SEEN_ISSUES = {}               # {issue_key: first_iteration_seen}

while ITERATION < MAX_ITERATIONS:
    ITERATION += 1

    # 1. REVIEW (Reviewer Agent or self)
    score, issues = review(FOCUS)
    SCORE_HISTORY.append(score)

    # 1b. IDENTIFY RECURRING ISSUES and UPDATE TRACKING
    current_keys = {make_key(i) for i in issues}   # "<file>:<first-6-words-slugified>"
    recurring_keys = current_keys & PREV_ISSUES     # present in BOTH this AND previous iteration
    PREV_ISSUES = current_keys                      # update for next iteration
    for key in current_keys:
        if key not in SEEN_ISSUES:
            SEEN_ISSUES[key] = ITERATION

    # 2. CHECK EARLY EXITS (before fixing — no point fixing if we should stop)
    if score >= 95:
        EXCELLENT → STOP  # exceptionally high quality; no need for 2-iteration stability
    if ITERATION >= 5 and score < TARGET_SCORE - 20 and no_improvement(SCORE_HISTORY, 3):
        STUCK → STOP  # below minimum threshold with no progress; needs manual intervention
    if len(recurring_keys) >= 3 and no_improvement(SCORE_HISTORY, 3):
        STUCK → STOP  # same issues unfixed across multiple iterations with no progress
    if is_oscillating(SCORE_HISTORY):
        OSCILLATING → STOP
    if is_diminishing(SCORE_HISTORY):
        DIMINISHING → STOP
    if ITERATION >= 3 and is_stalled(SCORE_HISTORY):
        STALLED → STOP  # last 2 deltas both < 2 pts; at noise floor, stop wasting iterations

    # 3. PLAN FIXES (Orchestrator — P0 first, then P1, then P2)
    plan = prioritize(issues, recurring_keys)
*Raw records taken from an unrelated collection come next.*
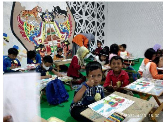
Gambar 21 Lomba Mewarnai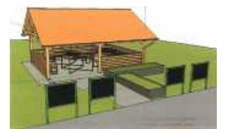
Tak ma wyglądać nowa sala lekcyjna na terenie „Dwójki”. Wizualizacja UM Zamość

ZAMOŚĆ Kolejna placówka oświatowa zyska miejsce do prowadzenia lekcji na świeżym powietrzu. Miasto ogłosiło właśnie przetarg na budowę plenerowej sali dydaktycznej przy Szkole Podstawowej nr 2 im. Henryka Sienkiewicza w Zamościu. Inwestycja zostanie zrealizowana w ramach budżetu obywatelskiego.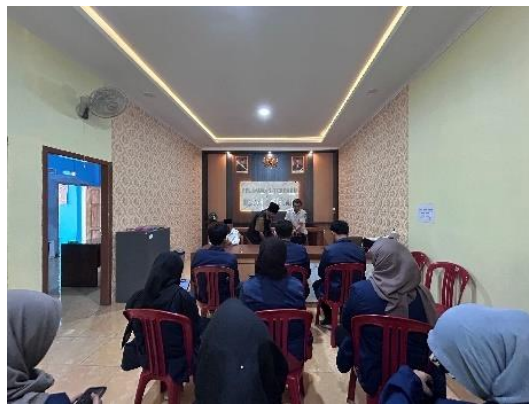
Foto 4.1 Penerimaan di Kantor Desa Ciketak

Kegiatan ini dilaksanakan pada tanggal 29 Oktober 2024 di Kantor Desa Ciketak, dimana dalam acara ini praktikan disambut oleh Kepala Desa Ciketak sendiri. Kepala desa Ciketak menyambut baik kedatangan praktikan, selain itu juga kepala desa Ciketak menjelaskan kondisi desa Ciketak itu sendiri seperti tentang kehidupan warganya, permasalahan di Desa, dll. pada tahap ini juga mahasiswa menyampaikan kepada aparat desa tentang tujuan dari praktikum komunitas ini.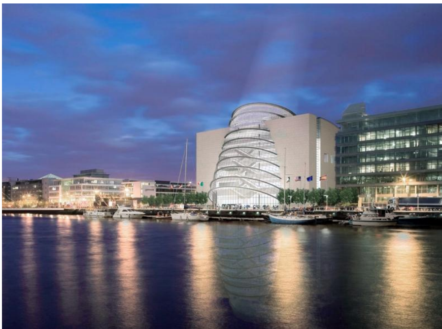
Convention centre, Dublin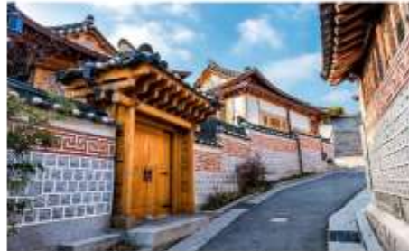
หมู่บ้านโบราณบุกซอน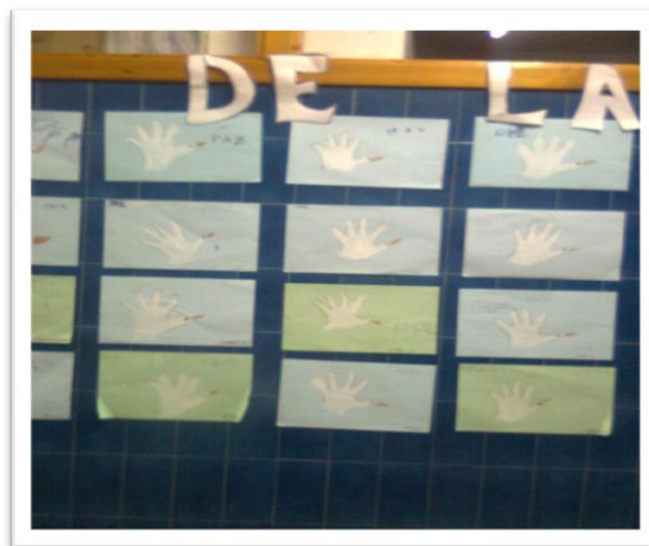
DIBUJOS DE SÍMBOLOS DE PAZ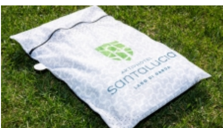
Wäschesack für Wäscheservice | € 5,00 einmalig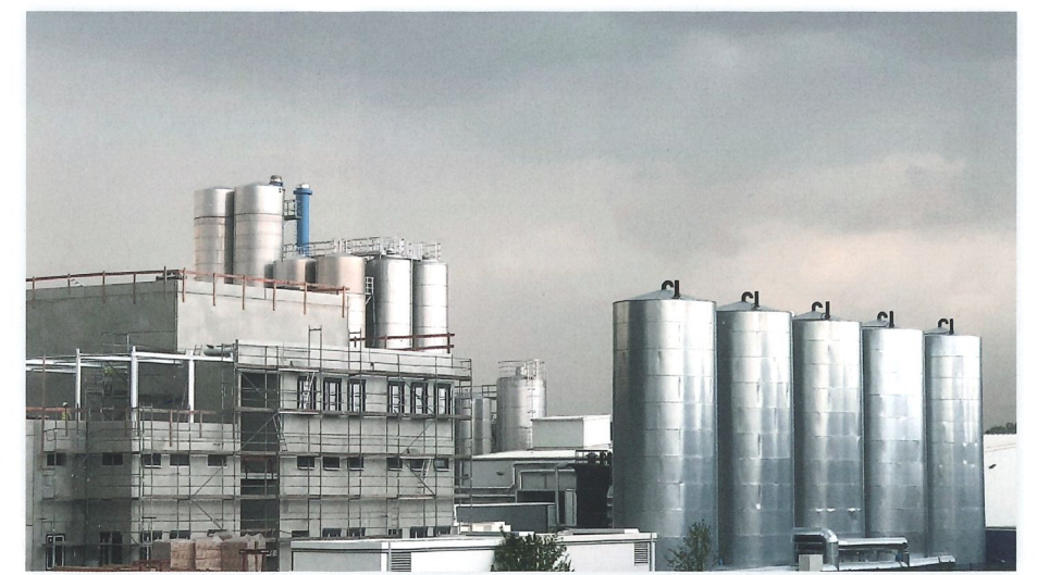
Zwischen 2015 und 2018 wurde der nördlichste Standort der genossenschaftlich organisierten Bayerischen Milchindustrie e.G. (BMI) im Sachsen-Anhaltinischen Jessen unter Beteiligung von Gammel Engineering grundlegend umgebaut und erweitert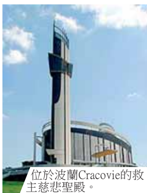
位於波蘭Cracovie的救主慈悲聖殿。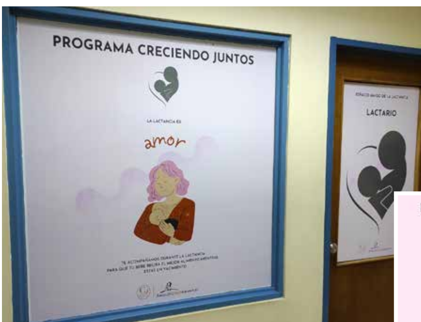
El lactario en Cerro Vanguardia, parte del proyecto Creciendo Juntos

El Comité de Diversidad y Género de Cerro Vanguardia, creado en 2021 y formado por mujeres y hombres de distintas áreas y posiciones de la empresa, detectó que uno de los puntos críticos está relacionado a la maternidad, y por ello se puso en marcha un programa para brindar respuesta a las mujeres que atraviesan la etapa de lactancia.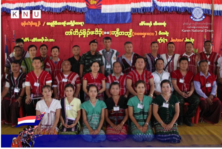
ကီးတရ်းကီာ်ဆာ် တာ်အိာ်ခိာ်ဖးဒိာ် (၁၀) ဝိတဝိ (၂၀၂၃ နံာ် လါဒံာ်စုဘာ် ၂၀-၂၂ သီ)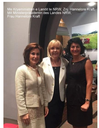
Me Kryeministren e Landit te NRW, Znj. Hannelore Kraft, Mit Ministerpräsidentin des Landes NRW, Frau Hannelore Kraft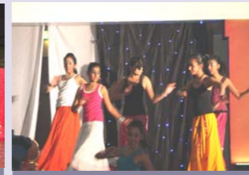
ફાયર એન્ડ આઈસ ખાતે યુવા વર્ગ

    # 4. APPLY FIXES (Fixer Agent or self)
    changes, files_modified = fix(plan, pending_coverage_debt=PENDING_COVERAGE_DEBT)

    # 5. VERIFY (Verifier Agent or self)
    verify_result, coverage = verify()
    if not verify_result:
        # Ask a new Fixer task to undo files_modified from this iteration
        # Re-verify; if still failing: log failure, keep pre-fix state, continue
        LOG verify_failure; SKIP score/counter update; continue

    # 6. UPDATE CONVERGENCE COUNTER (only after successful verify)
    if score >= TARGET_SCORE:
        CONSECUTIVE_AT_TARGET += 1
    else:
        CONSECUTIVE_AT_TARGET = 0

    if CONSECUTIVE_AT_TARGET >= 2 and |score - PREVIOUS_SCORE| < 5:
        CONVERGED → STOP  # 2 consecutive successful iterations at target, stable within 5 points

    # 7. UPDATE COVERAGE TRACKING
    if coverage != None:
        COVERAGE_HISTORY.append(coverage)
        if len(COVERAGE_HISTORY) >= 2 and coverage < COVERAGE_HISTORY[-2] - 1:
            PENDING_COVERAGE_DEBT = True   # next Fixer must add tests before new fixes
        else:
            PENDING_COVERAGE_DEBT = False
    # If coverage is N/A, PENDING_COVERAGE_DEBT is unchanged from previous iteration

    PREVIOUS_SCORE = score

# Loop exhausted without convergence
MAX_ITERATIONS → STOP

REPORT final results

# Helper function definitions:
# no_improvement(history, n): True if the last n scores are all equal or decreasing
#   example: no_improvement([60, 62, 62, 62], 3) → True (no gain in last 3)
# is_oscillating(history): True if the last 4 scores alternate up/down with total swing < 3 points
#   example: is_oscillating([70, 73, 71, 74]) → True
# is_diminishing(history): True if the last 3 score improvements are all < 1 point
#   example: is_diminishing([80, 80.5, 81, 81.3]) → True
# is_stalled(history): True if len(history) >= 3 AND both last 2 deltas are < 2 points (abs value or regression)
#   example: is_stalled([72, 74, 75, 76]) → True  (deltas: +1, +1 — both < 2)
#   example: is_stalled([72, 74, 78, 79]) → False (deltas: +4, +1 — only last 1 is < 2)
#   example: is_stalled([80, 89, 76, 77]) → True  (deltas: -13, +1 — both < 2 in abs value: |-13|... wait)
#   Note: "< 2" applies to the IMPROVEMENT (positive delta only). A regression (negative delta) always counts as < 2.
#   So: delta < 2 means (score[i] - score[i-1]) < 2  i.e. improved by less than 2 points, or went down
# make_key(issue): returns "<file>:<first-6-words-of-description-lowercased-slugified>"
#   example: make_key({file:"src/foo.ts", desc:"Missing error handling in token refresh path"})
#            → "src/foo.ts:missing_error_handling_in_token_refresh"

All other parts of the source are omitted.